*** Opening Data below ***

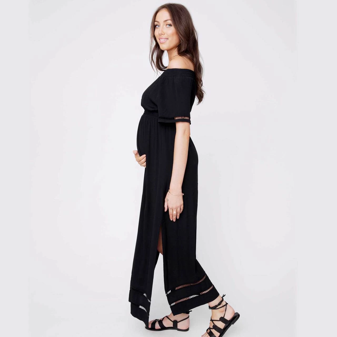 This best selling Ripe Maternity Cold Shoulder Maxi Dress is perfect for pregnancy, nursing and beyond. Featuring an on-trend cold shoulder neckline, a soft gathered waist and splits in its maxi length skirt. Dress up the Cold Shoulder Maxi with wedges or keep it casual and pair with sandles or sneakers. You’ll love this one long after baby arrives.
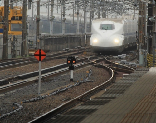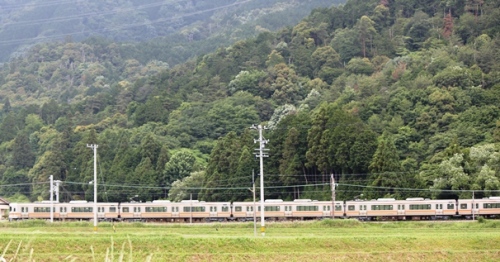 東海道下り線 踏切の遮断機が下りて、カンカンカンカンと鳴り出しました貨物かな?しらさぎ号はまだ時間があるしと待っていたら・・・・・・・えっ?え?ここはーーー特急か貨物しか走らないはずの下り線313系が下っていきました。びっくりです。試運転でした。まーさんが「117系がまた少なくなるナ」とつぶやいてました。そうゆうことになりますね・・・・・・・その後定刻にしらさぎ号がやってきて新緑の木々の間に消えていきましたそして不思議と行ってしまう近江長岡へと
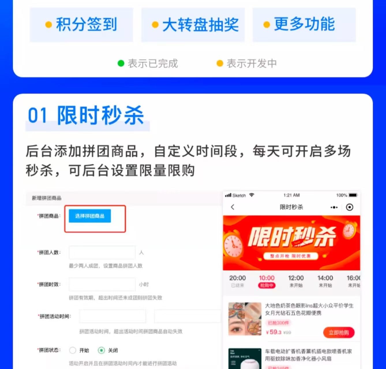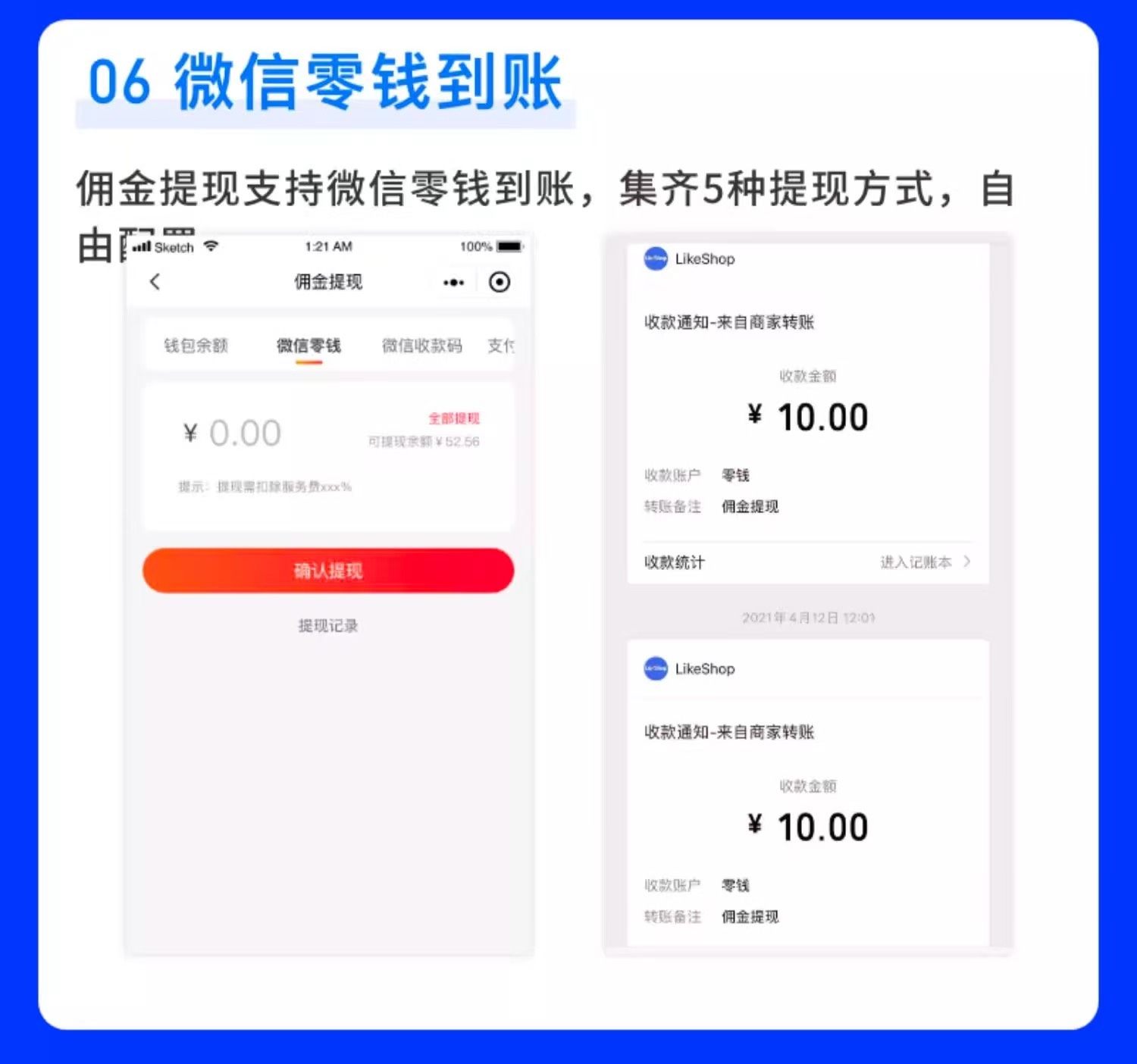 Likeshop内置丰富的营销工具,包括拼团、秒杀、优惠券、满减等常见玩法,同时具备完善的分销机制,支持多级分佣,助力平台快速裂变增长。

*** Closing Data below ***

Set down exactly the lines between the one with "東海道下り線 踏切の遮断機が" and the last line of the material above, both included, but none of the pictures.

 東海道下り線 踏切の遮断機が下りて、カンカンカンカンと鳴り出しました貨物かな?しらさぎ号はまだ時間があるしと待っていたら・・・・・・・えっ?え?ここはーーー特急か貨物しか走らないはずの下り線313系が下っていきました。びっくりです。試運転でした。まーさんが「117系がまた少なくなるナ」とつぶやいてました。そうゆうことになりますね・・・・・・・その後定刻にしらさぎ号がやってきて新緑の木々の間に消えていきましたそして不思議と行ってしまう近江長岡へと
 Likeshop内置丰富的营销工具,包括拼团、秒杀、优惠券、满减等常见玩法,同时具备完善的分销机制,支持多级分佣,助力平台快速裂变增长。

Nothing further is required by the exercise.